La ferme distillerie Northmaen a récemment embouteillé un whisky de 12 ans d’âge, preuve que le whisky français a désormais atteint une certaine maturité ! Retour rapide sur l’histoire du pionnier du whisky normand.
Northmaen : Une ferme, brasserie, distillerie.
En 1997, lassé de la ville, Léo Camus achète une ferme près de Rouen et se lance dans la production de bière artisanale. En 1999, après un brassin raté, il refuse le gâchis et le distille avec l’aide de Dominique Rimbert, un bouilleur de cru ambulant. De cette expérience naît l’idée de produire du whisky. Il réalise ses premiers essais au début des années 2000 et, passionné de mythologie nordique (et non dénué d’humour), il donne naissance à son premier whisky : le fameux Thor Boyo. Rapidement, il s’équipe d’un alambic et fonde la première distillerie de whisky en Normandie.
Indépendant et débrouillard, Léo produit un whisky du champ à la bouteille. Seule l’activité de maltage est externalisée à la malterie Dingemans. Chaque année, il cultive 80 tonnes d’orge, qu’il brasse localement pour obtenir un wash avoisinant 7,5 %. Son alambic Armagnacais lui permet d’obtenir, en une seule passe, un distillat particulièrement riche, titrant à 65 %, qu’il enfûte tel quel. (Lire : L’alambic Armagnacais de Northmaen pour en savoir plus sur cette machine singulière )

Le vieillissement se fait dans trois chais aux conditions variées : une ancienne cave à fromage très humide où cohabitent moisissures blanches et champignons noirs, un chai sec et un dernier, soumis à de fortes variations thermiques, favorisant une extraction rapide des arômes. Northmaen privilégie les ex-fûts de vin de Bordeaux rebrûlés, mais ce qui nous intéresse aujourd’hui, c’est une expérimentation plus audacieuse : des fûts en acacia ayant contenu du vin blanc liquoreux stocké dans le chai humide.

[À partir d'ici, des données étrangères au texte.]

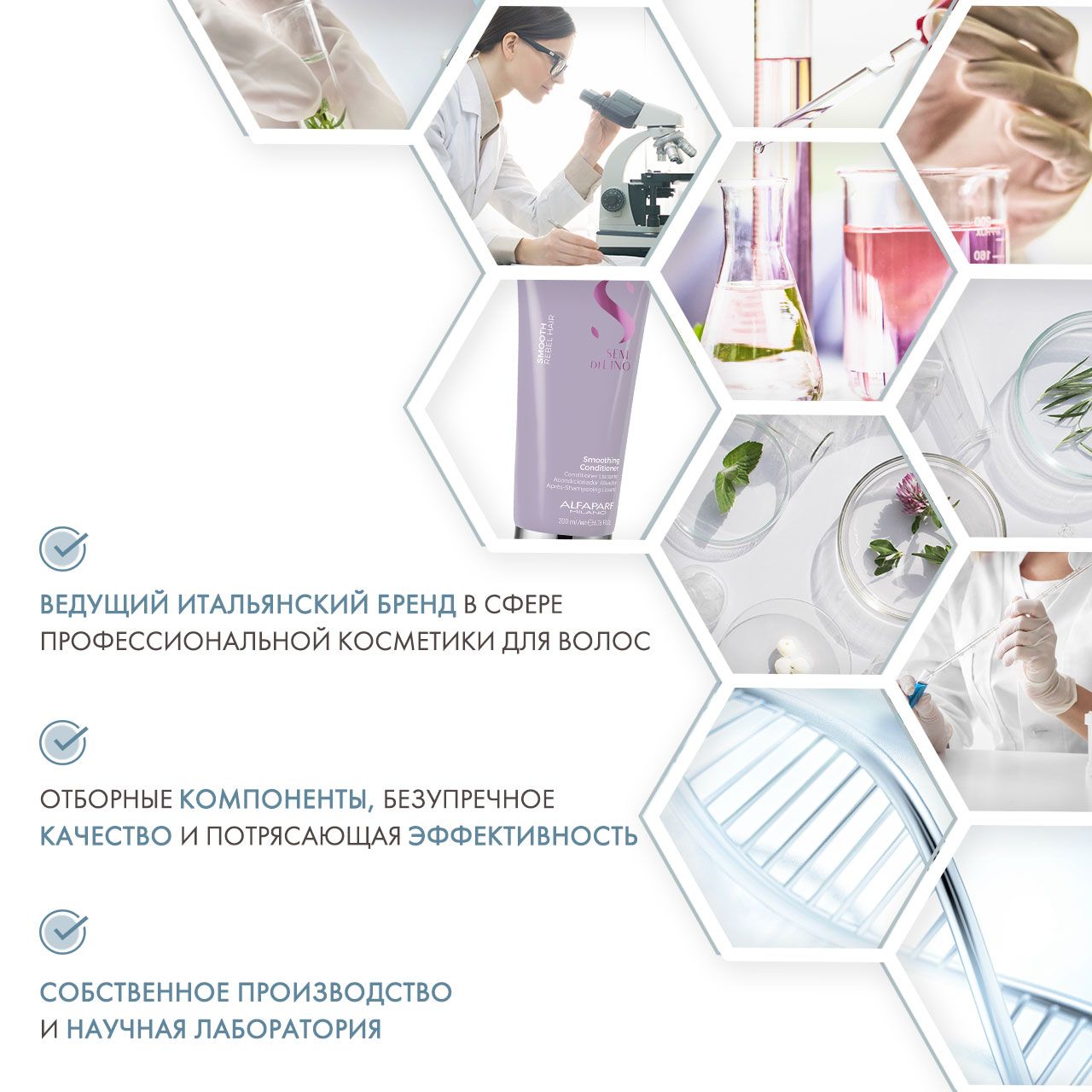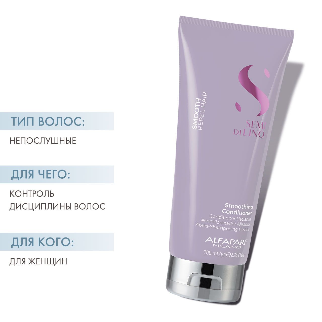 Semi di Lino Smooth (SDL Smoothing) - это средства для непослушных волос, разработанные для эффективного увлажнения, выравнивания структуры, предотвращения пушистости, защиты от негативного воздействия климатических условий и восстанавления естественной красоты волос. Средства предназначены для всех типов волос, как тонких, так и густых, чтобы добиться идеальной гладкости и длительного результата.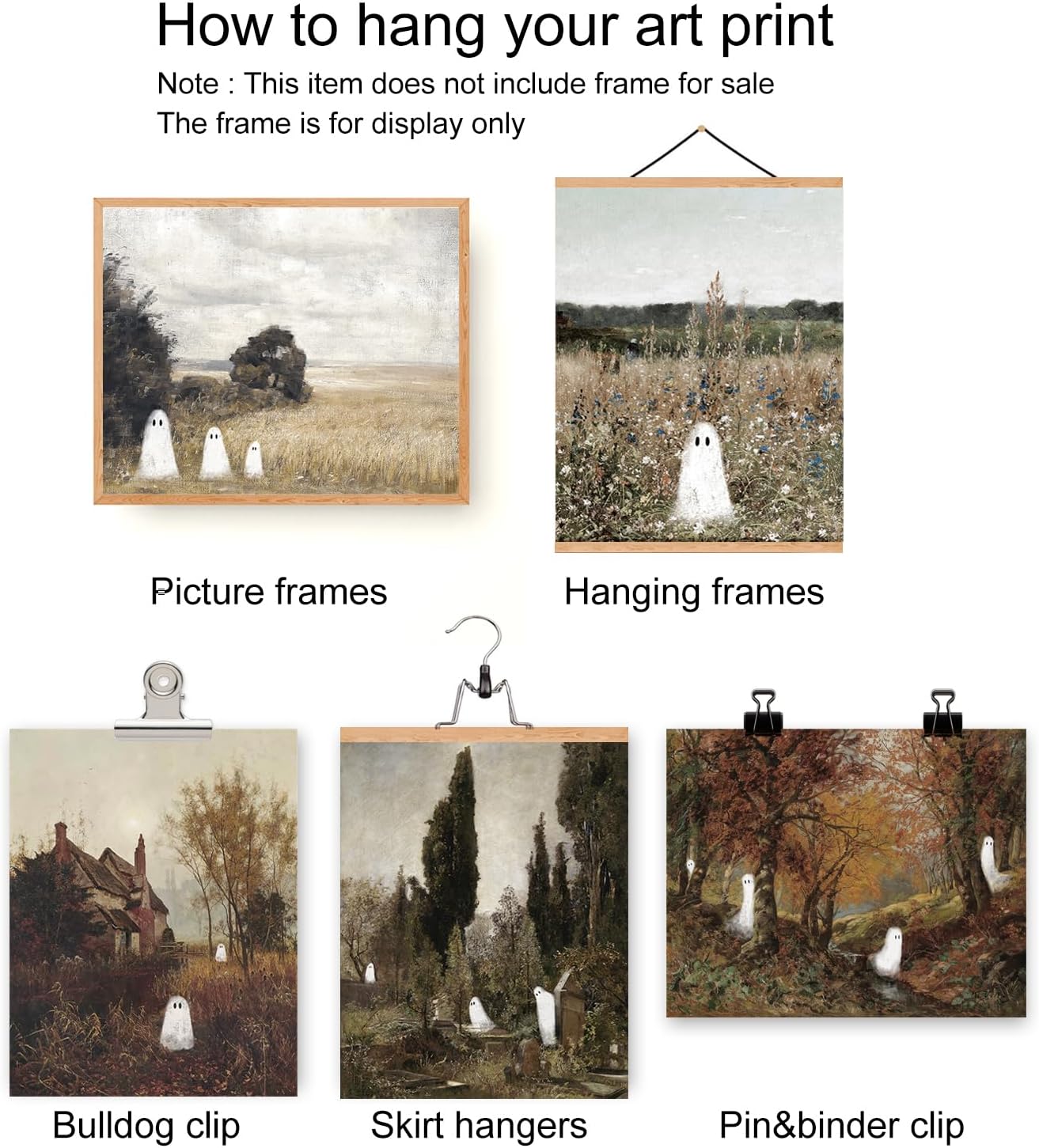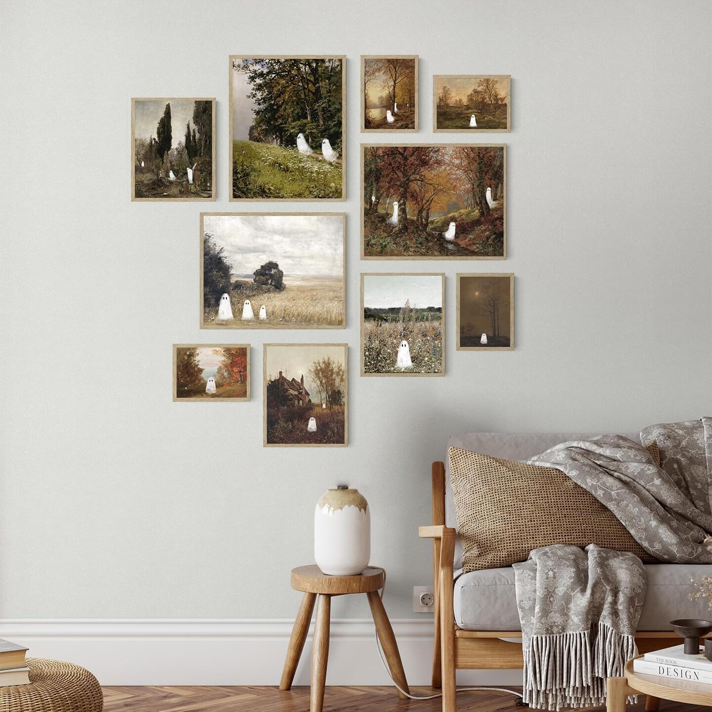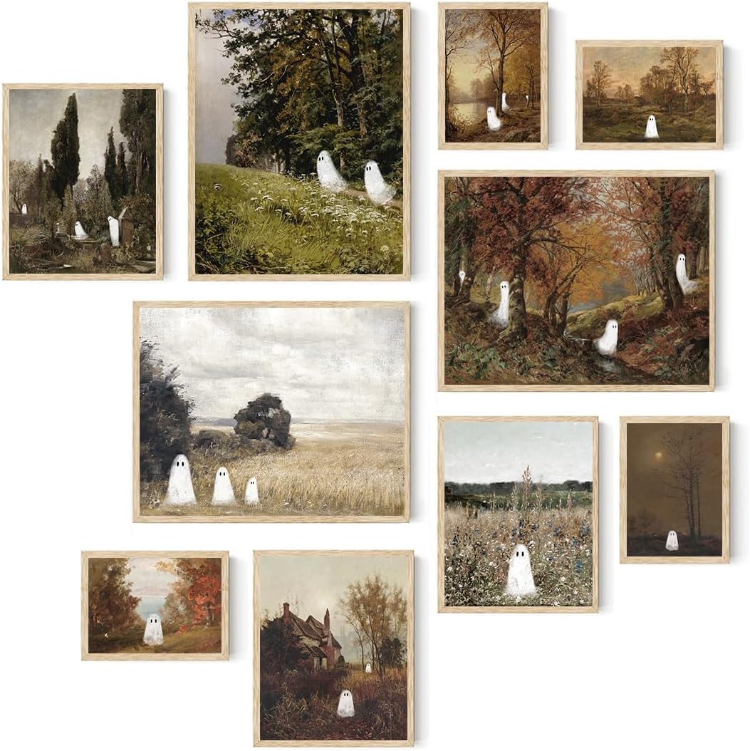 Vintage Ghost Halloween Wall Art – Retro Spooky Fall Canvas Prints, Farmhouse Aesthetic Posters for Home, Bedroom & Living Room Decor (Unframed)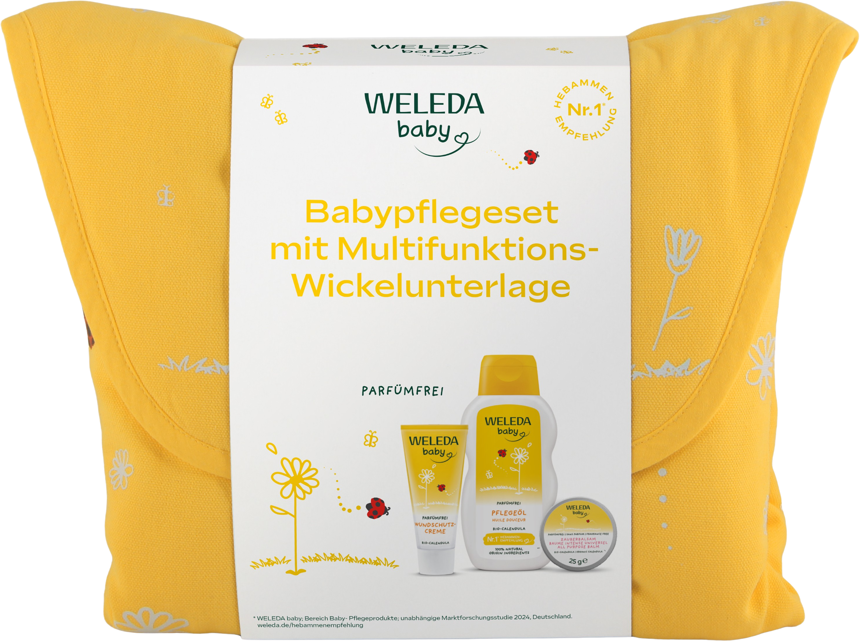Ta darilni set je popolna kombinacija ljubkosti in praktičnosti! Vsebuje trio izdelkov iz linije Calendula brez vonja za nego in menjavo plenic na poti. Večnamenska bombažna blazinica, ki jo je mogoče oprati, je hkrati vrečka in previjalna podloga - vsakdanje življenje z dojenčkom je lahko tako preprosto in praktično!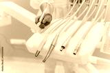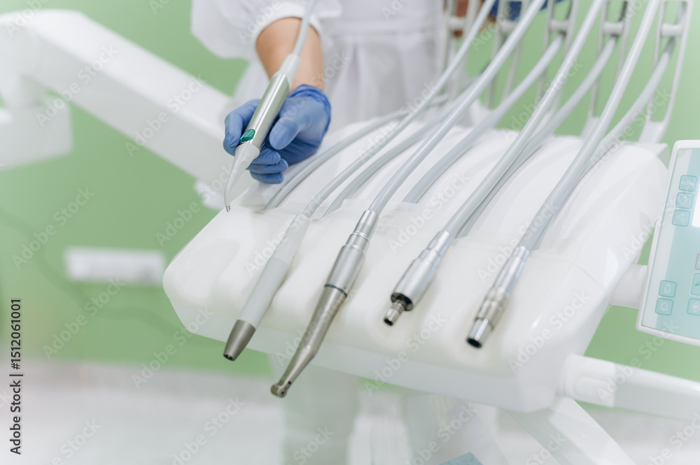 Dentist's hand holding dental tool on a unit console. Close-up in a modern clinic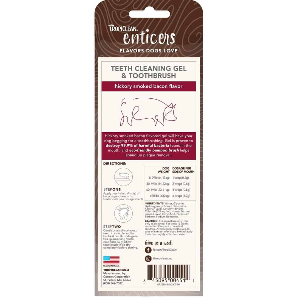Flavors Dogs Love - Hickory Smoked Bacon Flavor is 3x more appetizing to dogs than competing oral care gels. Clean Teeth Guaranteed - Gel helps eliminate 99.9% of the root cause of plaque and bad breath. Delectable Dental Care - It's no secret dogs hate teeth cleaning time, but now they will crave it! Bacony gel will satisfy their natural cravings and leave their teeth sparkling clean. Powerful Brushing Duo - When used with teeth cleaning gel, bamboo brush helps accelerate plaque removal. Eco-Friendly Brushing Solution - Bamboo toothbrush is made with soft bristles and a plant-derived handle. Pet Parent Approved - Gel is free from sulfates, parabens, dyes, and artificial colors, and is cruelty free. Packaging is recycleable. Family Owned - TropiClean Enticers are proudly made in the U.S.A by pet lovers just like you. Safe for use on dogs 12 weeks and older, when used as directed. TropiClean Pet Products offers a full range of naturally derived dog and cat products including TropiClean Grooming Products, TropiClean SPA by TropiClean, TropiClean OxyMed, TropiClean PerfectFur, and TropiClean Enticers and TropiClean Fresh Breath Oral Care and Dental Products. Contains one (1) 2oz bottle of TropiClean Enticers Teeth Cleaning Gel - Hickory Smoked Bacon Flavor and one (1) bamboo toothbrush for small/medium dogs.
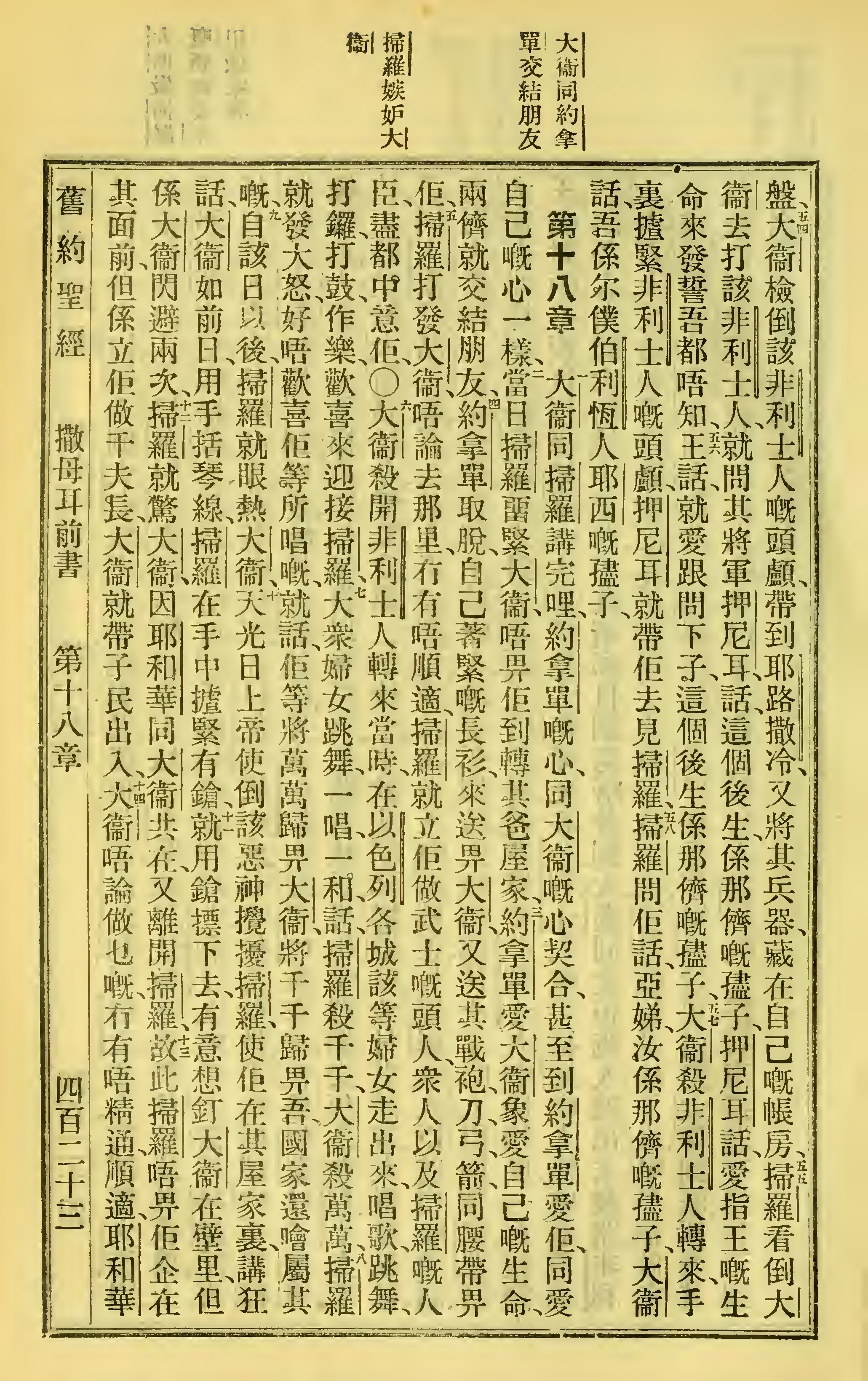 1923年客話新舊約聖經漢字版 撒母耳記上 17 章 54 節到 18 章 14 節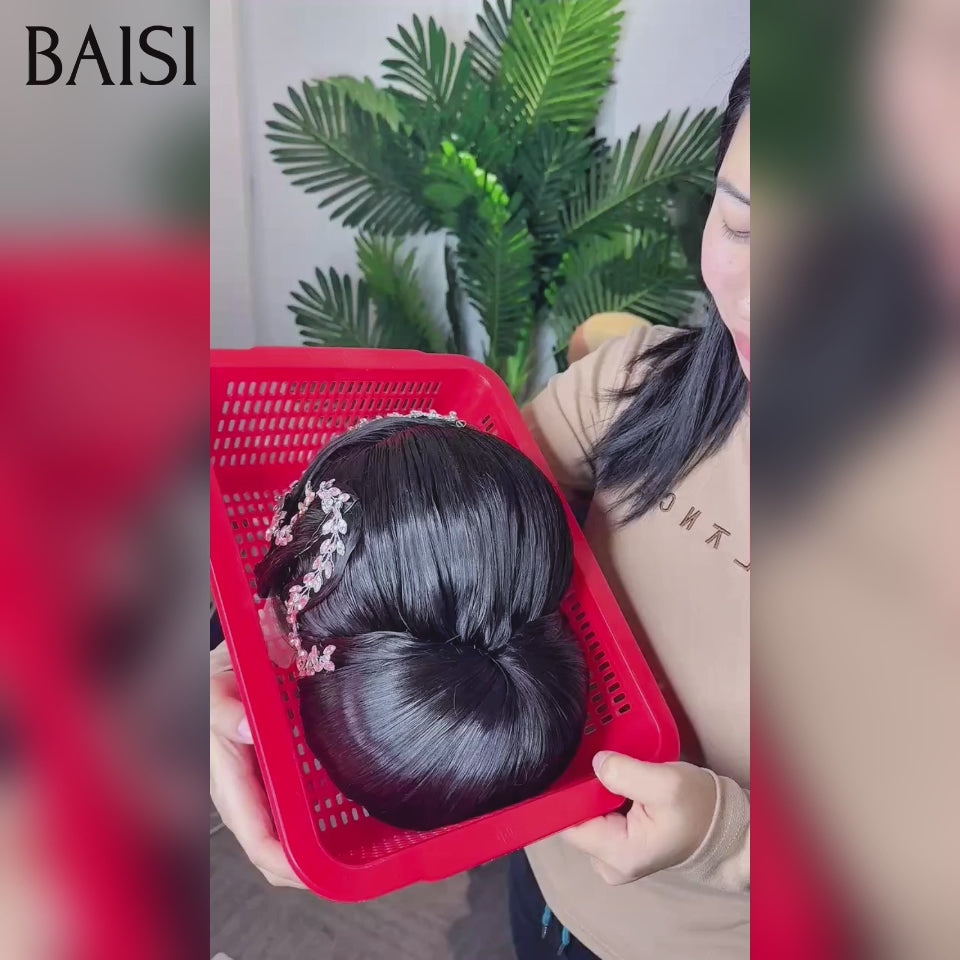 BAISI Coiffure de luxe Pauline Perruques Mariage noir Prête à porter chignon et personalisation comme sur la vidéo 100% identique avec lace frontale événement spécial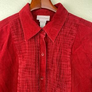 Jones New York Womens Top Sz XL Corduroy Button Up Tuxedo Western Boho Artsy Red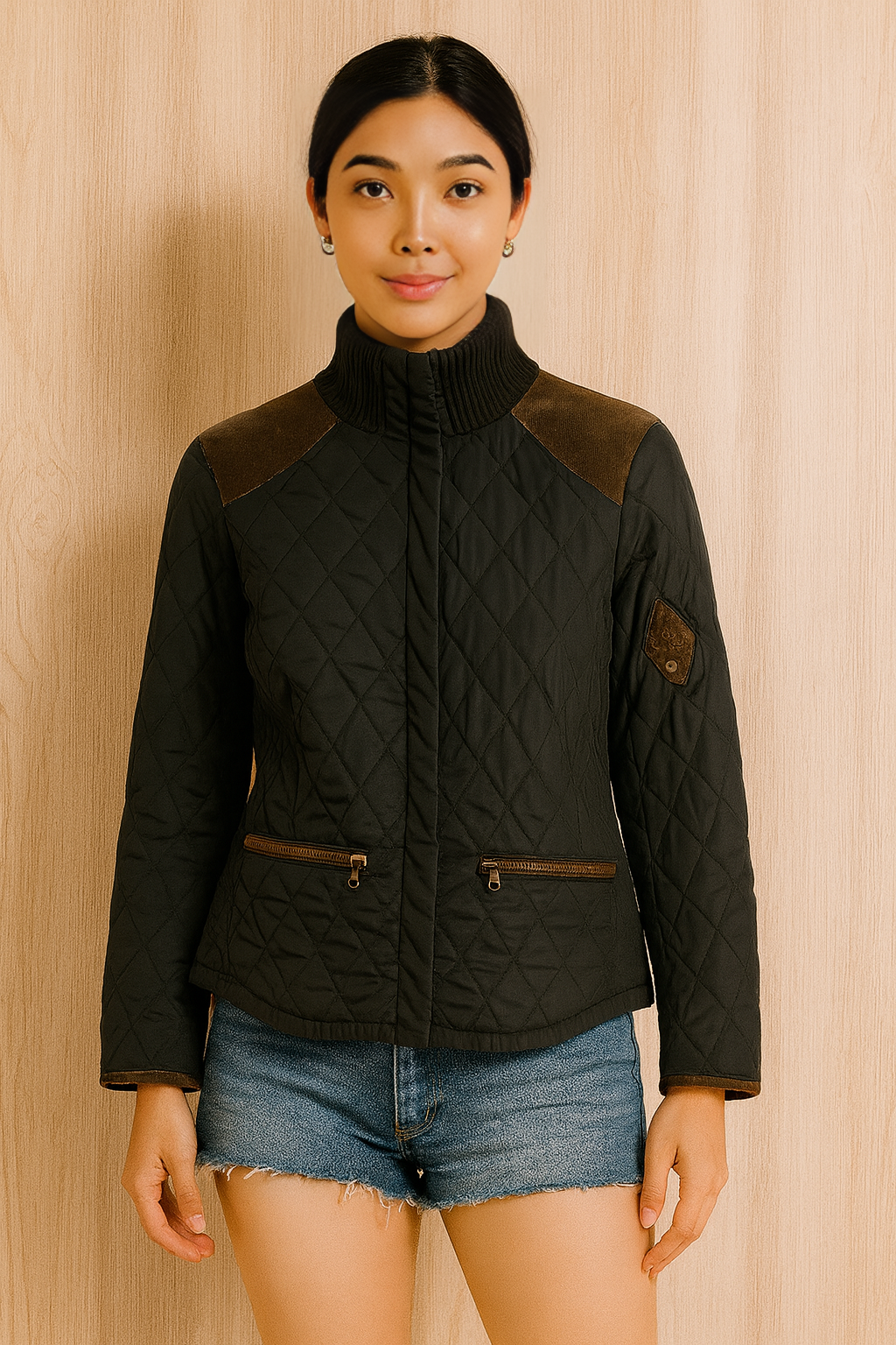 Zara quilted field jacket with ribbed stand collar, suede‑look shoulder panels, and zip pockets—functional yet refined. A gently‑loved piece that adds warmth without bulk.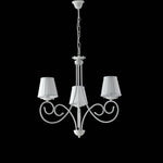 Suspension chandelier in white iron shabby white lampshades three lights 50x h60 cm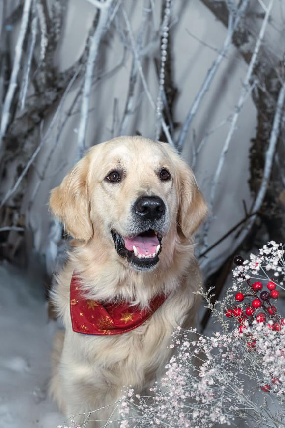 Ajoutez une touche de magie festive au look de votre compagnon avec notre bandana “Flocon Étoilé”. Ce modèle élégant, réversible et fait main, se distingue par ses motifs de flocons dorés sur fond bleu nuit d’un côté, et un tissu rouge intense de l’autre. Parfait pour les fêtes de fin d’année, il apporte style et chaleur à chaque sortie hivernale.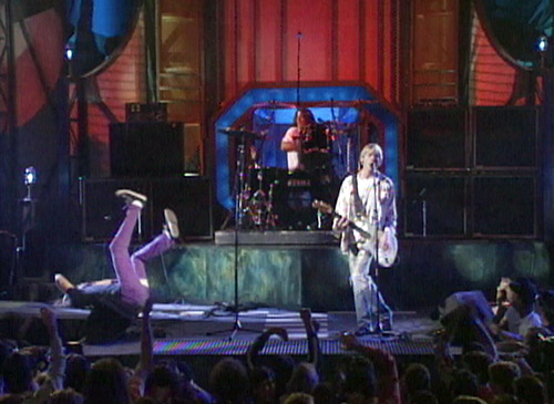 As Novoselic later recounts in his column in the Seattle Weekly: “One should take the stage in a good frame of mind, but I wasn’t there… I’m plugged into some awful bass rig that’s distorting terribly. I can barely hear what I’m playing, and the tone deteriorates into an inaudible mess. F**k it – time for the bass-toss schtick. Up it goes!!!!! I always try to get good air – I bet I hit over 25 feet, easy! But no matter how high it went, I was not on my game – the only time I’ve ever dropped it was then in front of 300 million people. Ouch! I was fine, but I faked like I was knocked out, perhaps expressing my inner torment over a taxing evening. (Maybe I was just embarrassed.)”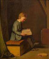 Hollandse School: lezend jongetje, olieverf op paneel, l.b. gesigneerd J? van Dijk, 30 × 24,5 cm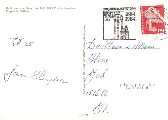 72929437 alte Postkarte Winterberg Hochsauerland Kurpark im Helletal Konzertplatz postalisch gelaufen Erhaltung siehe scans [LiesaD40] KatCode: 11110005958048

Effectivement, ce sont ces fûts très particuliers qui donneront naissance à Kenning, un whisky dont le nom fait référence à une figure de style de la poésie scandinave, consistant à remplacer un mot par une périphrase métaphorique. Par exemple, « guerre » devient « vacarme des épées » et « Loki », « père du loup ».
Etant donnée que Jupiter met à peu près 12 ans pour faire le tour du soleil, «Kenning : Une révolutions de Jupiter» et un Kenning pour « Kenning 12 ans » !
Après une première édition de 6 ans d’âge, la distillerie Northmaen propose aujourd’hui un Kenning deux fois plus âgé. Dégustation !
Kenning 12 ans – Fût de sauternes en Acacia – 42%Nez : Le whisky s’ouvre sur des arômes gourmands de crème caramel légèrement brûlée, de pomme cuite et de pruneau d’Agen. Des notes empyreumatiques élégantes évoquent le bois noble et la cire d’encaustique, tandis qu’à l’aération, une touche de térébenthine et une subtile pointe de cannelle viennent enrichir le nez, apportant profondeur et complexité.
Bouche : pleine de contrastes, à la fois souple et puissante, la bouche s’ouvre sur des notes généreuses de caramel et de fruits secs, rapidement rejointes par des arômes de concentré de vanille et des raisins de Corinthe. Puis, de la pâte d’amande se mêle à des touches florales délicates, rappelant un pot-pourri avant que la palette aromatique n’évolue vers des épices de plus en plus présentes!Finale : Longue et intense, la finale s’ouvre sur des notes épicées de poivre, de gingembre et de muscade, avant d’évoluer vers des touches résineuses. Après de longues minutes on retrouve des pétales de fleurs blanches, laissant une empreinte raffinée et particulièrement persistante.
Malgré un degré plutôt bas, Kenning 12 ans est un whisky d’une intensité remarquable ! On voit ici le bénéfice des techniques de réduction lente utilisées par la distillerie Northmaen.